Mastercard debuts a credit card with a fingerprint sensor to fight fraud

The industry was supposed to move to chip+pin eventually. The idea being based on the founding principles of the three categories of multi-factor authentication which are 1) What you know, 2) What you have, and 3) What you are. So chip is what you have, PIN is what you know, and something like a fingerprint is what you are. The problem is that chip + signature is not multifactor. Those are both things you have. A signature only counts as "what you are" if there was some means to verify that the signature is the true cardholder's signature. No cashier is good enough to be the judge on that, plus that is overruled by contracts signed between merchants and VISA/MC, which simply state that "a signature" must be captured. But you are right that chip+pin would solve 99% of the fraud out there.

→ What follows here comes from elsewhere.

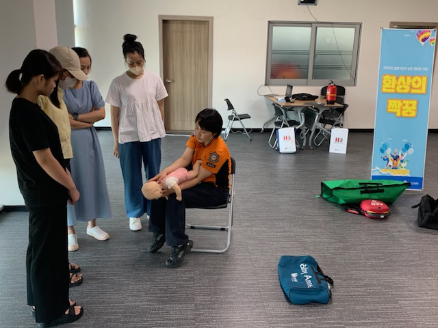 이번 교육은 ▲ 화재 발생 시 대피요령 ▲ 심폐소생술 및 응급처치 요령 ▲ 119신고방법 교육 ▲ 등의 순서로 이뤄졌습니다.
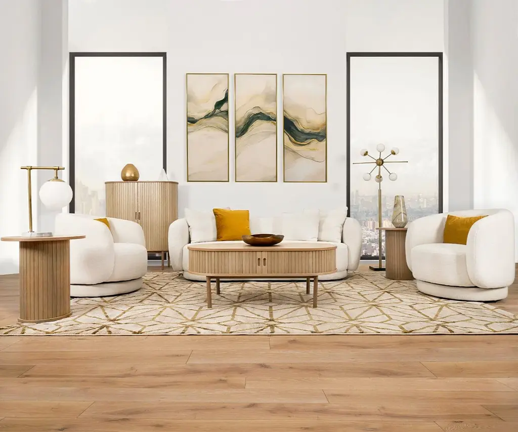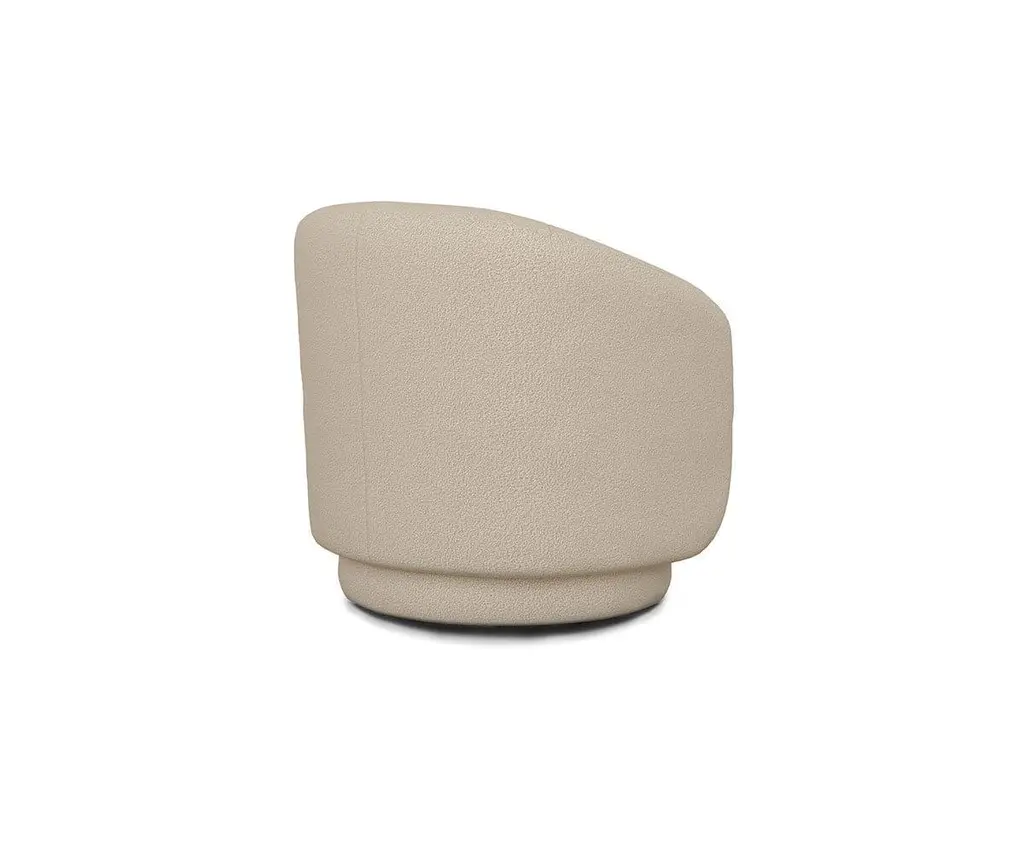 The Ellie Swivel Chair combines contemporary design with undeniable coziness. A gracefully curved back envelopes you while you sit, while soft boucle upholstery blankets you with comfort. Stylish channeling elevates this chair, giving it a touch of elegance that goes hand in hand with the clean lines and modern design. Memory swivel action allows you to smoothly turn 180° for conversational purposes, and ensures that your chair will remain facing forwards when not occupied.

One thing that the chip card does do is combat the main problem of counterfeiting cards, but that's only good when the merchant opts not to accept the magnetic strip to capture the transaction. Most POS terminals have a setting to not accept magstrip if it's a PIN card, due to liability rules put in place that makes the merchant liable for fraud transactions if they chose to accept the mag strip over the chip.

The US has been slow to adopt the whole switch to EMV because banking in the US is very different from other countries. Most countries that initially switched had smaller infrastructure and one PIN network. Here in the US we have lots of different PIN networks and trying to orchestrate such a switch, plus add in all the rules and regulations that are now in place post-2008, it's just plain slow to adopt. Meanwhile all of the fraud has made its way into the US because we are behind on technology and relying on a 50 year old magstrip that contains plaintext track data.

I used to pull home depot gift cards out of card capture bins of ATMs and run them through my USB card reader to see that they had someone else's ATM card programmed onto it using our BIN and MMI. Good stuff.